• [GIVEN MATERIAL]:
----
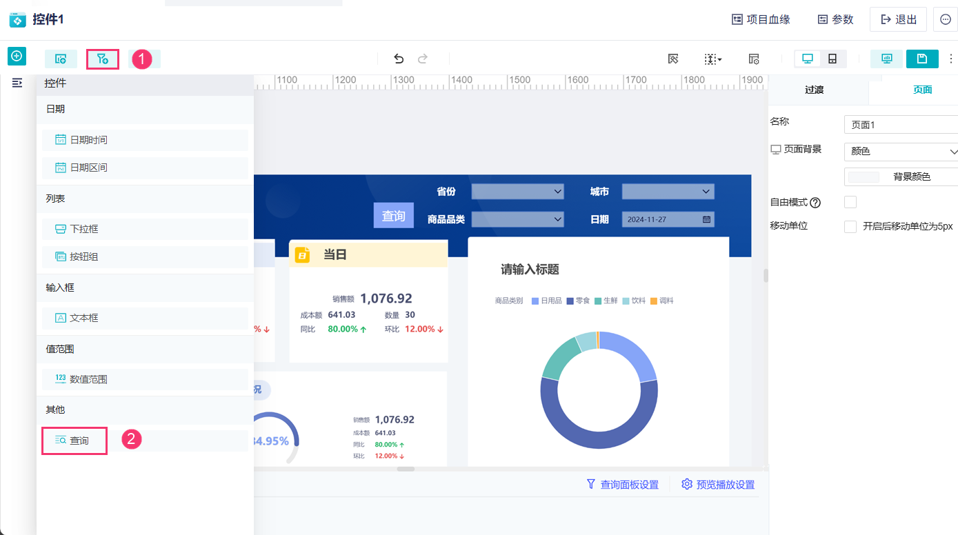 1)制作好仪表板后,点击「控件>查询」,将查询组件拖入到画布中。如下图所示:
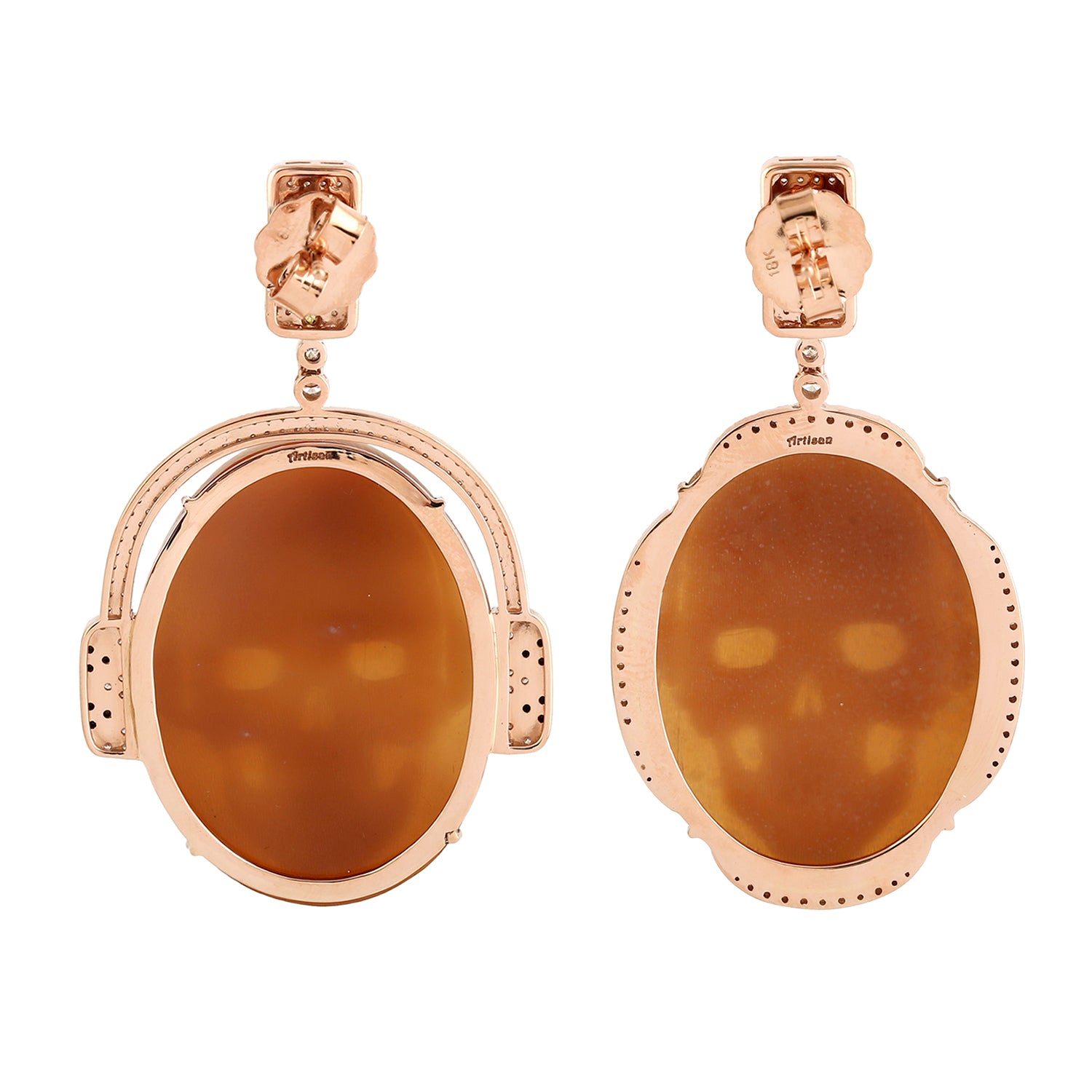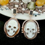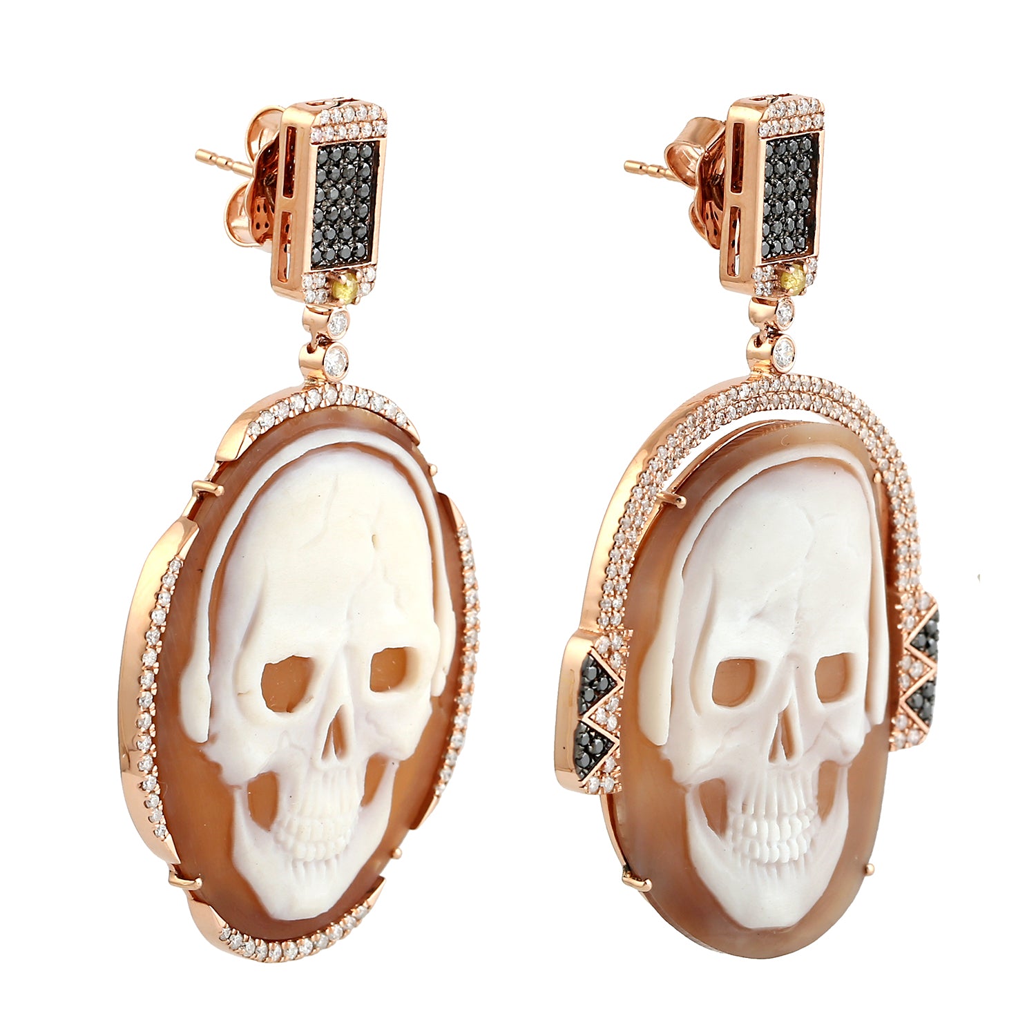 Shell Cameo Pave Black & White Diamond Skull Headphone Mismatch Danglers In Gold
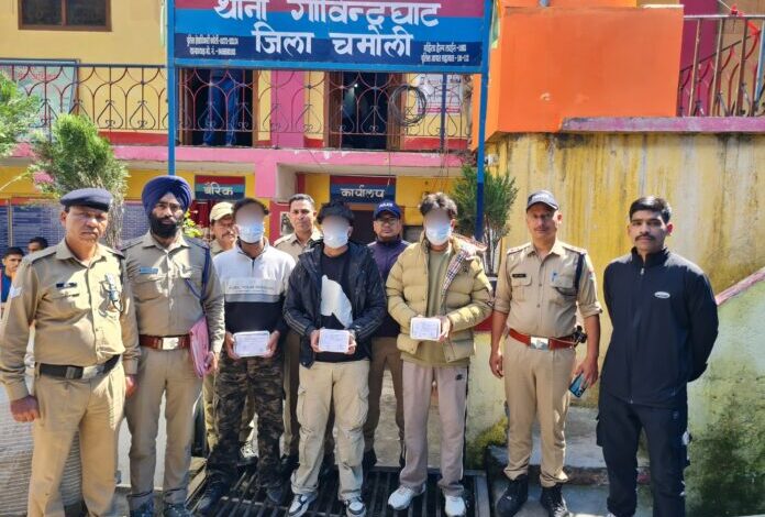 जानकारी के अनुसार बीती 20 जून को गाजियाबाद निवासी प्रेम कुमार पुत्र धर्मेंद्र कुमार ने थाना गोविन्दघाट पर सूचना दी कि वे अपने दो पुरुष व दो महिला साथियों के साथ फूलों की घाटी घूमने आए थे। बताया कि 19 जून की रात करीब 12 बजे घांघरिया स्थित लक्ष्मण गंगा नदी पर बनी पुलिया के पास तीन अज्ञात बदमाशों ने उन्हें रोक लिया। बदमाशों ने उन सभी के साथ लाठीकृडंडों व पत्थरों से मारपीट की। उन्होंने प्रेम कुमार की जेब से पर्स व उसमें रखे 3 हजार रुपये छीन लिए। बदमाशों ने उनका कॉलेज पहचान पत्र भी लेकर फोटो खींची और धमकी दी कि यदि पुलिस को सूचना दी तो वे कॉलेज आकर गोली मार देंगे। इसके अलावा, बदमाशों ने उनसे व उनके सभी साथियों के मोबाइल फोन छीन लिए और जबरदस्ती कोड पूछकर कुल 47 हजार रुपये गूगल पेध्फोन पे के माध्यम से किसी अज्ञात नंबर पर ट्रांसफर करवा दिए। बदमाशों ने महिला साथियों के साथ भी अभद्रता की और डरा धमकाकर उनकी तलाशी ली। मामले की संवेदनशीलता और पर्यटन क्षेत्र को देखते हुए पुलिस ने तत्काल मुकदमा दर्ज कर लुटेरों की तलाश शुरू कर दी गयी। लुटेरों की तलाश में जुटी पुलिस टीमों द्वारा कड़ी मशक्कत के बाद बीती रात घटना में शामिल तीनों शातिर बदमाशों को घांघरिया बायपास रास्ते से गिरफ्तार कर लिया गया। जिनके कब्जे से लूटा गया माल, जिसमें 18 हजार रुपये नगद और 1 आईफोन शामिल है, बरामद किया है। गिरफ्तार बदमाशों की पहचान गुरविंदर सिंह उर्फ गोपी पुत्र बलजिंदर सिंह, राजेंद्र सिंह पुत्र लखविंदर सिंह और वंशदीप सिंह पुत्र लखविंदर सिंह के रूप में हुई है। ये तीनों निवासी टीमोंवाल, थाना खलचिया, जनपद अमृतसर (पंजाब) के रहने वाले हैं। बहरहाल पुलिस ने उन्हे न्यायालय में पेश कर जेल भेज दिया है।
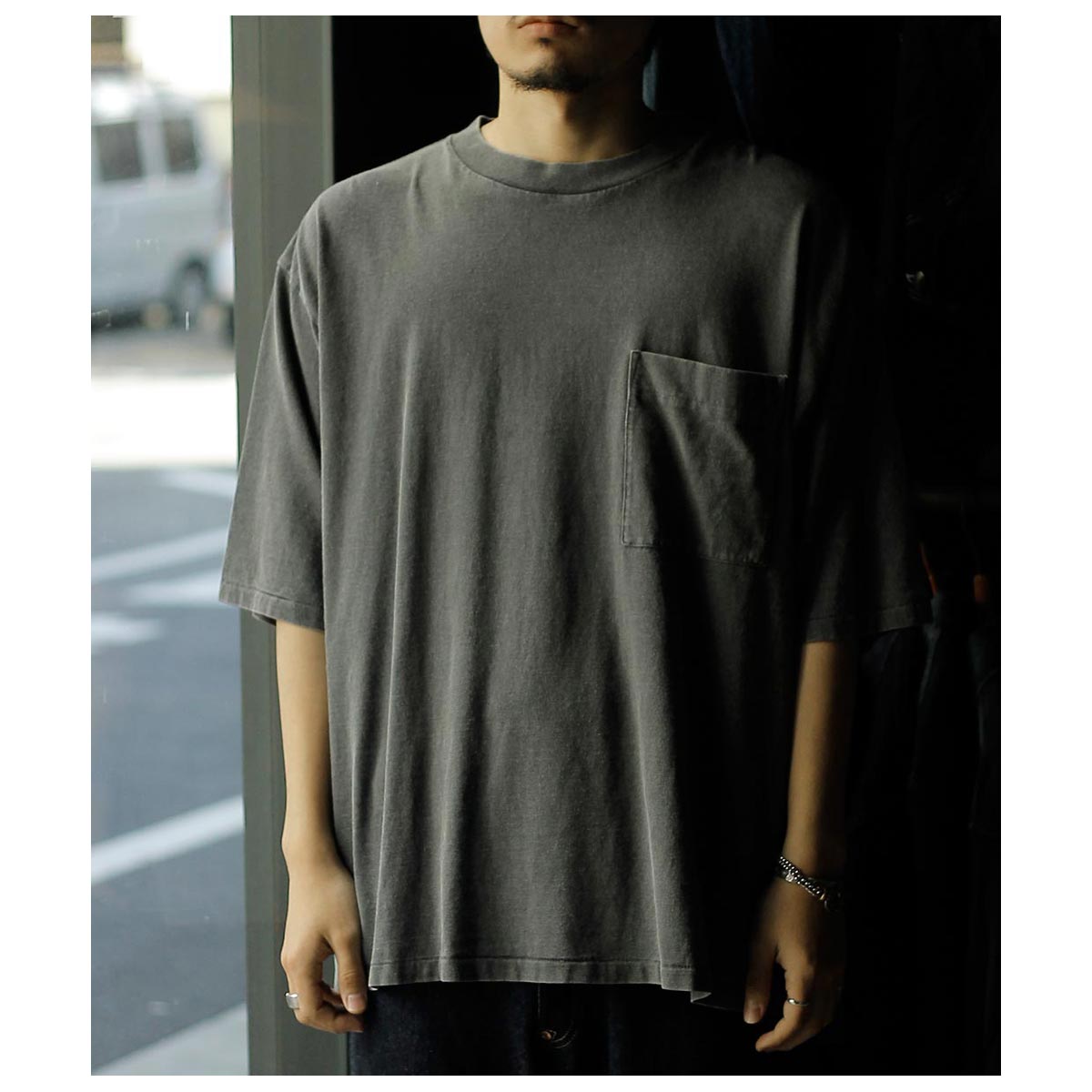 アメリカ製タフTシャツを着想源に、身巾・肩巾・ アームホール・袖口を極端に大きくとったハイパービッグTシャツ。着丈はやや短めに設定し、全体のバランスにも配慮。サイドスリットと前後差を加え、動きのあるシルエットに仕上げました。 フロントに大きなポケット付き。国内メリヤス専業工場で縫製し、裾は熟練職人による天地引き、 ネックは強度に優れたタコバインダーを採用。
----
• [WHAT THIS TASK INVOLVES]:
Write out, exactly and with no pictures, the lines of the data from the first through the line containing "Shell Cameo Pave".

• [RESULT OF THIS TASK]:
 1)制作好仪表板后,点击「控件>查询」,将查询组件拖入到画布中。如下图所示:
 Shell Cameo Pave Black & White Diamond Skull Headphone Mismatch Danglers In Gold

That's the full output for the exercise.